Exercise directions:
All lines below starting at the one that holds "Ab 17 Uhr gibt" and ending at the one that holds "The chronicle : Vol." should be printed exactly, ends included. Pictures should not be printed, nor anything else.

Material shown:
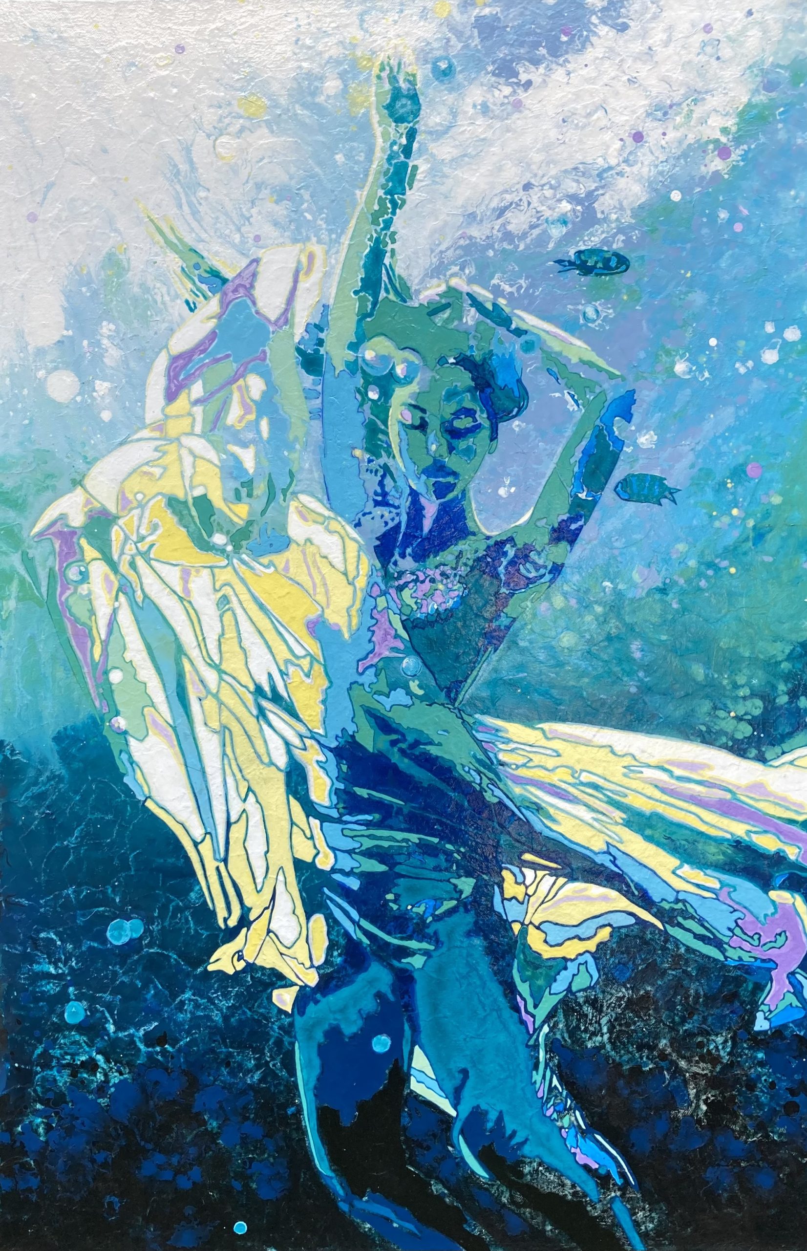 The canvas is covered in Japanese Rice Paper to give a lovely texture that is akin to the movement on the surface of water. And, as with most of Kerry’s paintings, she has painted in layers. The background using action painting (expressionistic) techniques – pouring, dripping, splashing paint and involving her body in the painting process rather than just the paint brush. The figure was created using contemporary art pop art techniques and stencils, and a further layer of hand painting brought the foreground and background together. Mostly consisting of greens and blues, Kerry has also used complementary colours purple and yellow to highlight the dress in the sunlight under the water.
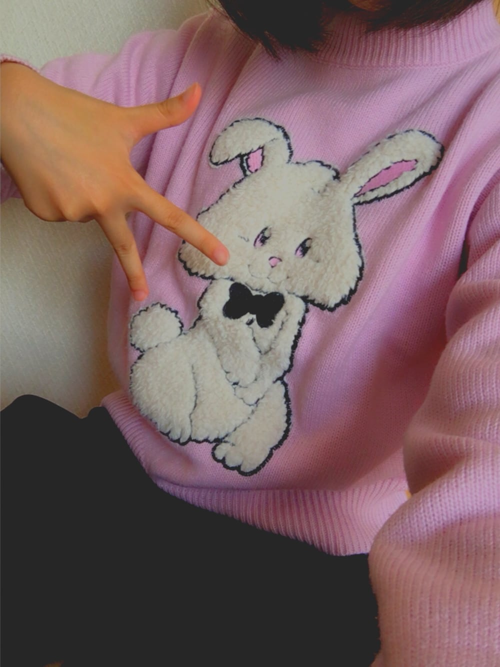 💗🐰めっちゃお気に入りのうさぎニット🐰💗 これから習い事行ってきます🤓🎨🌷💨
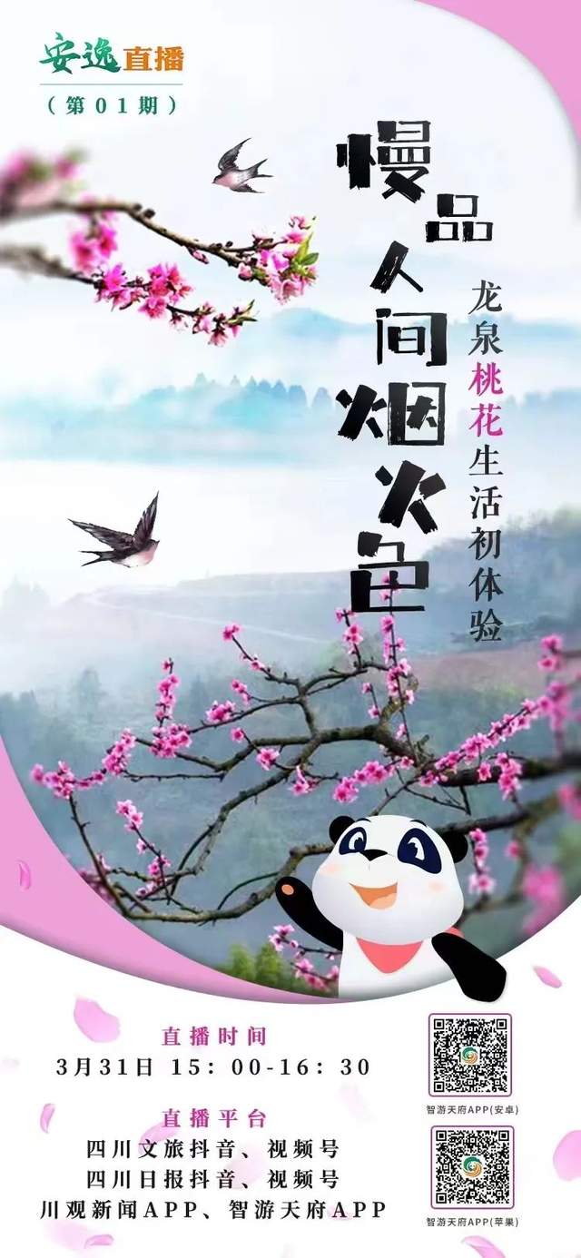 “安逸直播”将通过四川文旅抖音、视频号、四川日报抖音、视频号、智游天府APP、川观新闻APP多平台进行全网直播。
==
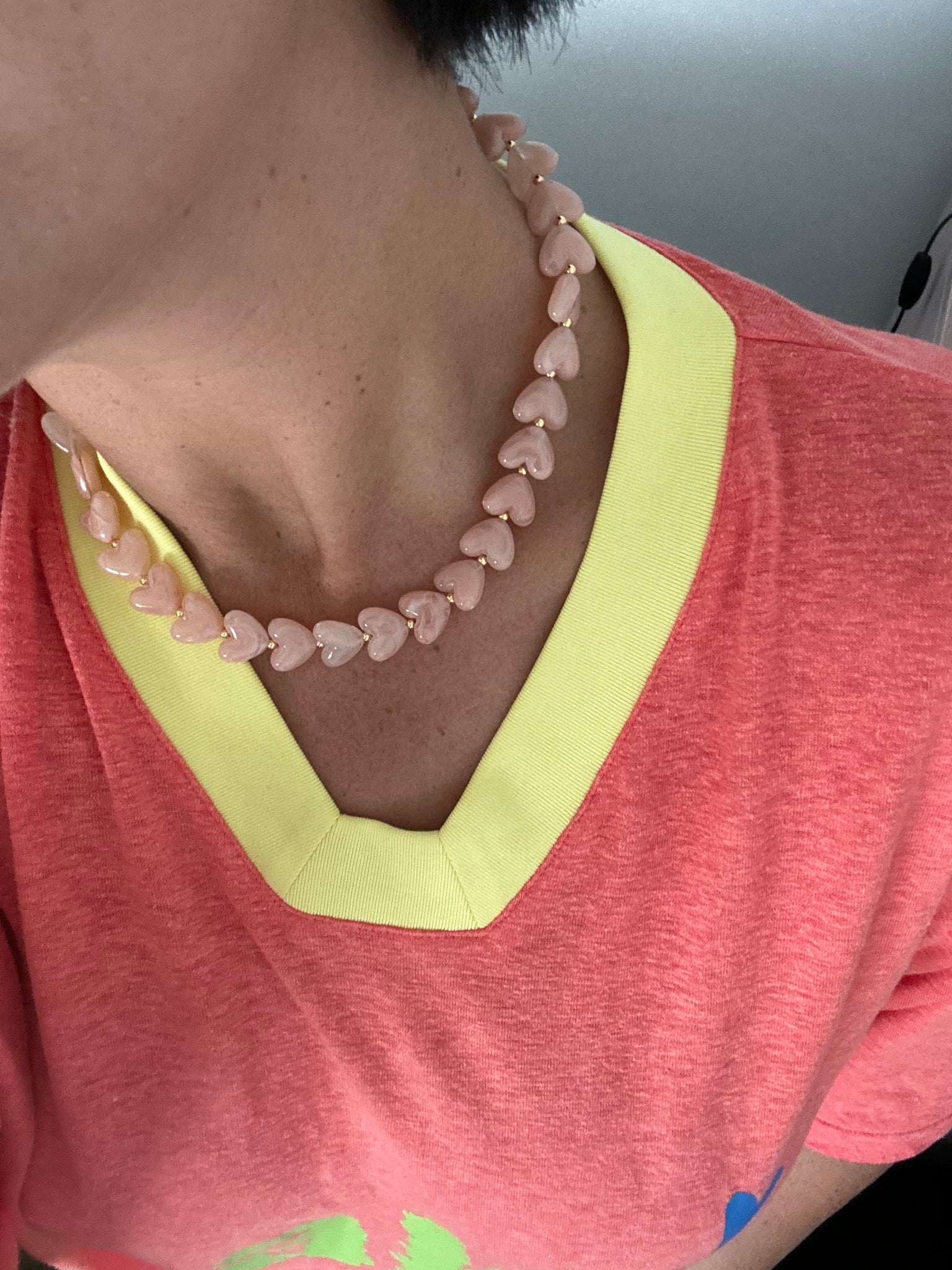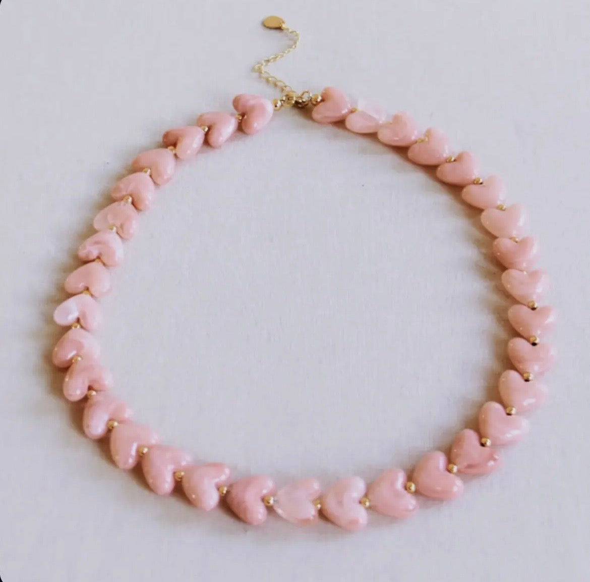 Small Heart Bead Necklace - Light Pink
==
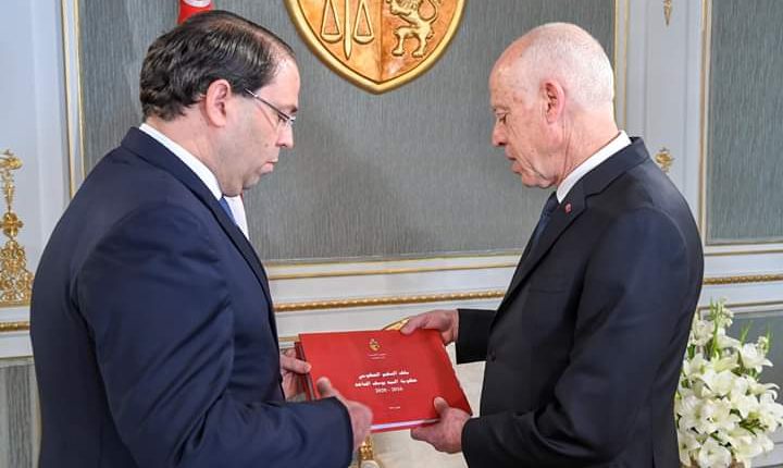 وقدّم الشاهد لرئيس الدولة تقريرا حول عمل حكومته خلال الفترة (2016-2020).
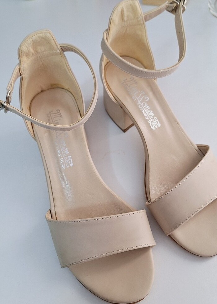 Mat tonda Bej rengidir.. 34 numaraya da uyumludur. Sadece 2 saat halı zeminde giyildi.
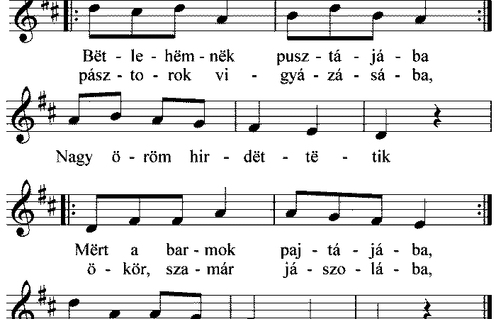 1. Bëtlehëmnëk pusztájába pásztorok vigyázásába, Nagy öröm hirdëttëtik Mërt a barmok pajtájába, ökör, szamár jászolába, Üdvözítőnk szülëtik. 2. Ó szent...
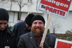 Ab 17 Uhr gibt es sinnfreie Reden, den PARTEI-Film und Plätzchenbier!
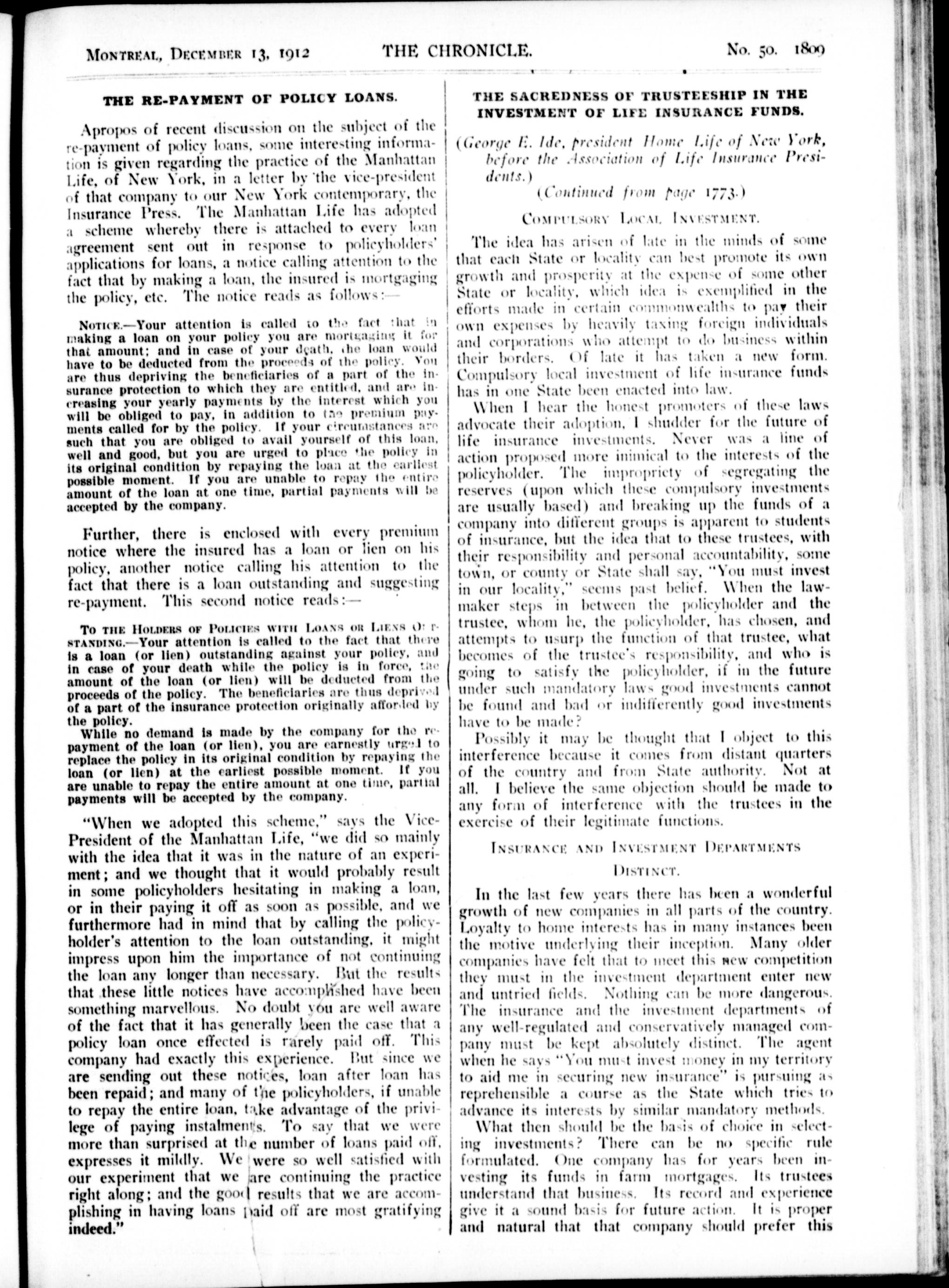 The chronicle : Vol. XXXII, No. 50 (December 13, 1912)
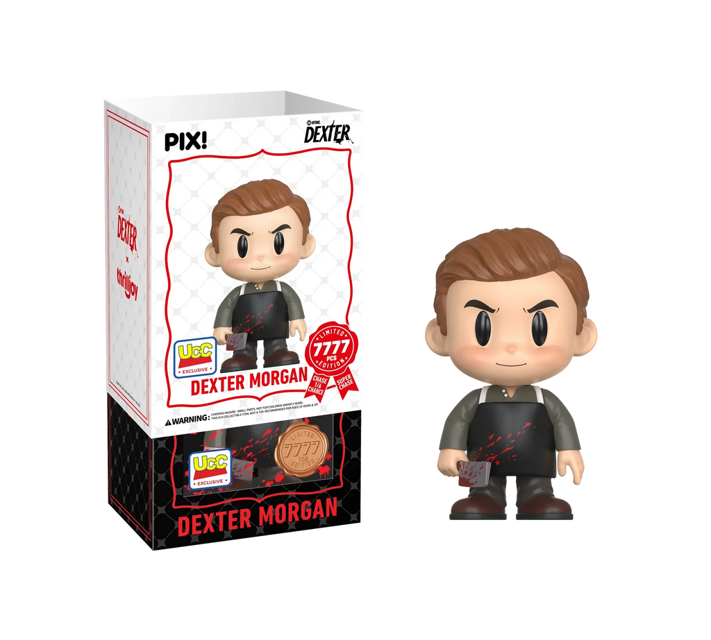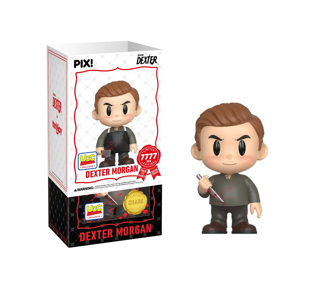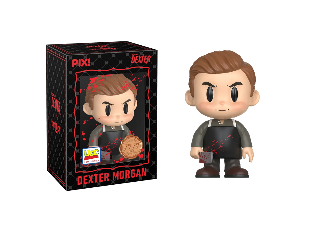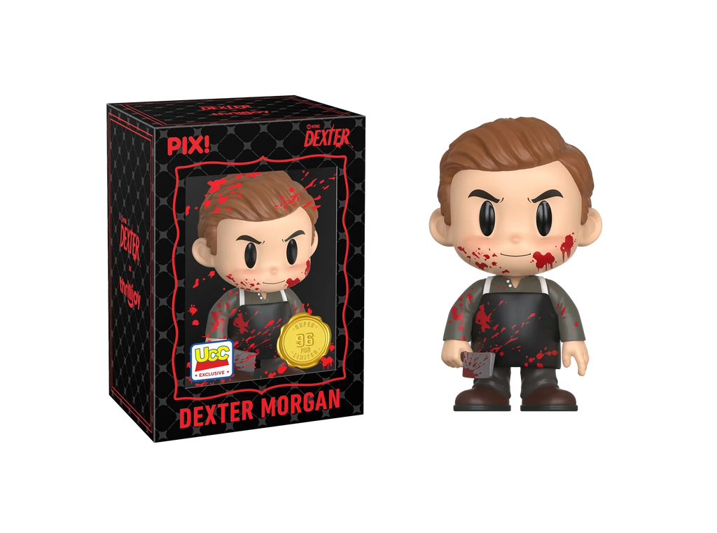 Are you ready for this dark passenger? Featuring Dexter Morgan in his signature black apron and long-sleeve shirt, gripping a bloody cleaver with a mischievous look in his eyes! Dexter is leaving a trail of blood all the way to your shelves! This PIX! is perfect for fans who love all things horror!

Reply to the task:
 Ab 17 Uhr gibt es sinnfreie Reden, den PARTEI-Film und Plätzchenbier!
 The chronicle : Vol. XXXII, No. 50 (December 13, 1912)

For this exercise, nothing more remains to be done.